Выбрать главу

— А что, хорошие картины? — спросила Сталина, строго глядя куда-то в переносье Ивану. — С бульдозерной выставки? Этого не может быть! — Она говорила нарочито серьезно и четко, а ее подружки покатывались со смеху. Если где-то работала записывающая установка, то Сталину упрекнуть будет не в чем... она говорит так, как должна говорить чиновница. А она, на беду Ивана, была именно чиновница, работала в некоем отделе горкома КПСС, и от нее многое зависело в жизни творческой интеллигенции... Так, во всяком случае, давясь от смеха или давясь ранне-спелой вишней, объяснила одна из подружек Сталины, повиснув на шее у Ивана:

— Захочет, кха!.. выпустит в демократический Берлин или на Кубу, кха!.. Шоколадница все может! — Шоколадницей Сталину прозвали от того, что она очень любила шоколад, ела его в любом количестве, в чем потом убедился Иван — зубы ее все время были черные или коричневые от шоколада...

Иван ответил на вопрос Сталины в том смысле, что картины у него разные, что он понимает: не все в них равноценно, но есть, которые не выставлял... или есть холсты, которые ему вернули как вполне неплохие, так надо понимать.
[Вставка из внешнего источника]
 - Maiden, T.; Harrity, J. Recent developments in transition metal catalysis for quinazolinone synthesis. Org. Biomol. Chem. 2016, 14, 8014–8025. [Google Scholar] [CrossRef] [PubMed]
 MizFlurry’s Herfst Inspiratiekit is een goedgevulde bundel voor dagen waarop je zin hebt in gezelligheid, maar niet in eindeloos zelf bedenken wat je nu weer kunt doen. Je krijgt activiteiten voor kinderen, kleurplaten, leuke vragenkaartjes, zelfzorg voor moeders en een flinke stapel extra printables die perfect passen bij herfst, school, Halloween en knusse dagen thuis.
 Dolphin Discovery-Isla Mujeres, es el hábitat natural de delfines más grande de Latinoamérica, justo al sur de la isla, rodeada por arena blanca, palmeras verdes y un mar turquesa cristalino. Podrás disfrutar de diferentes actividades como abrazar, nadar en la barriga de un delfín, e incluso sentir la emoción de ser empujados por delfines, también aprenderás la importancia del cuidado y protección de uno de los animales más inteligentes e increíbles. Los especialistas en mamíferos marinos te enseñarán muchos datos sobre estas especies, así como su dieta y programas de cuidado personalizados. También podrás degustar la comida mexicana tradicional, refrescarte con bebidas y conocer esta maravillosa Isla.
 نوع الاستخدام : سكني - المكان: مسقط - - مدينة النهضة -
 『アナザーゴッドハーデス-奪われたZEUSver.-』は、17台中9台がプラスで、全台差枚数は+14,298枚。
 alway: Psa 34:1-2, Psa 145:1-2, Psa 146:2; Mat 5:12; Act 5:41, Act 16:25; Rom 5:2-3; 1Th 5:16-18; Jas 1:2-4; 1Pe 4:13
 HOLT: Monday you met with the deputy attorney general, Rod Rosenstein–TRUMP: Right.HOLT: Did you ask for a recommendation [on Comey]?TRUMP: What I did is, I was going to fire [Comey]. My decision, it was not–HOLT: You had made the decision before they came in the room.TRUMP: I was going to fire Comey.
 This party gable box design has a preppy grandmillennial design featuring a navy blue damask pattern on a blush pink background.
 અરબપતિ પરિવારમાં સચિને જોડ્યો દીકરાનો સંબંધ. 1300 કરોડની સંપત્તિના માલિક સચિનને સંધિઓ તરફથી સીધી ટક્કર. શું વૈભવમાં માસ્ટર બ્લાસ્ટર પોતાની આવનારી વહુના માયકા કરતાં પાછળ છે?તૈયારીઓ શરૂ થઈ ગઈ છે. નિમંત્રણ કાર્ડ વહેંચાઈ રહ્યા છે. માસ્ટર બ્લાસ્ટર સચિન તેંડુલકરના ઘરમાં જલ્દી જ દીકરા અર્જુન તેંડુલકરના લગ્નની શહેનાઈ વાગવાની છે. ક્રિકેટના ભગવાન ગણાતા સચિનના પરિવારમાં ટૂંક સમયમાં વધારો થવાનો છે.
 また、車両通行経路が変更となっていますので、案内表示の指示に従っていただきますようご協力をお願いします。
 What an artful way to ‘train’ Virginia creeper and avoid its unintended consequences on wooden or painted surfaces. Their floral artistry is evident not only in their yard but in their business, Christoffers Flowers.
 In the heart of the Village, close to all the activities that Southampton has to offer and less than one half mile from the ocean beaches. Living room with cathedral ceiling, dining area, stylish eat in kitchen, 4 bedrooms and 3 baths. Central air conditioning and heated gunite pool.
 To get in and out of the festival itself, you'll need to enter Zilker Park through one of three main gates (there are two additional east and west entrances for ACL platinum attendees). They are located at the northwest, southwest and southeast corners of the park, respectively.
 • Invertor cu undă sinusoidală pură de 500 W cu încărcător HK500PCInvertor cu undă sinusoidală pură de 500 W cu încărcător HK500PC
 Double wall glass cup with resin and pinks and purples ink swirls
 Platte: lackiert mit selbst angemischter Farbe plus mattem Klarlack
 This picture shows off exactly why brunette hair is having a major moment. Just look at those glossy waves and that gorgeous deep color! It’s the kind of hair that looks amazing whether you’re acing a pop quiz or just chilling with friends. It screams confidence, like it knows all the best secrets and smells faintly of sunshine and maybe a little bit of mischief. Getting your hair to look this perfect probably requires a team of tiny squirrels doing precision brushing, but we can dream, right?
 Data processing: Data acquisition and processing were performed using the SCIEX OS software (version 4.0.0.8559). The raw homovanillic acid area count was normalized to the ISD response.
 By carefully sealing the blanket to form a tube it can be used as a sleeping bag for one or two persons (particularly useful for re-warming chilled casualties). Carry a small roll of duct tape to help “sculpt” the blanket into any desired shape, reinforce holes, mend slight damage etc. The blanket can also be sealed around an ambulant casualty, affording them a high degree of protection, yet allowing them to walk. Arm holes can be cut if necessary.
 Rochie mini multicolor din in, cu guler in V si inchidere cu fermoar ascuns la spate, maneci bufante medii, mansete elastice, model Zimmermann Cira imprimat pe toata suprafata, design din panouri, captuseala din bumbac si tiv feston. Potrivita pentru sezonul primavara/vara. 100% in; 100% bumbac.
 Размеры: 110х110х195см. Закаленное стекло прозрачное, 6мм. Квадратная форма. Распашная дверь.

Ведь, возвращая, некий товарищ в штатском перед художниками извинился: „Товарищи с ближайшей стройки не поняли, решили, что вы собираетесь на пустыре захватывать участок, проводить политическую манифестацию. А это была всего лишь выставка. Конечно, многие из вас „обструкцииисты"... — товарищ в сером произнес неправильно слово „абстракционисты", но именно так неправильно, как произносил это слово тогдашний генеральный секретарь, как лет через десять другой генсек говорил вместо „Азербайджан" — „Азибаржан"... — Но, будем надеяться, вы пойдете ближе к народу, к его нуждам? И еще нарисуете нам героя нашего времени!" Иван говорил все это Сталине с очень серьезным, покорным видом, и окружающие их люди в джинсах, свитерах, темных очках, кто на полу, на ковре, кто на подоконнике, хохотали, подозревая в Иване скрытого сатира. Иван сказал Тале, что, конечно же, он может рисовать и вполне реалистические вещи, и тут же, вынув из кармана карандаш, на оборотной стороне валявшейся афиши набросал — да быстро — симпатичный портрет Сталины, несколько приукрасив ее... слегка убрал скулы, уменьшил рот... но получилось похоже, похоже, шальные пьяные глаза, с нарочитой суровостью глядящие на Ивана, вышли так замечательно, что все зааплодировали.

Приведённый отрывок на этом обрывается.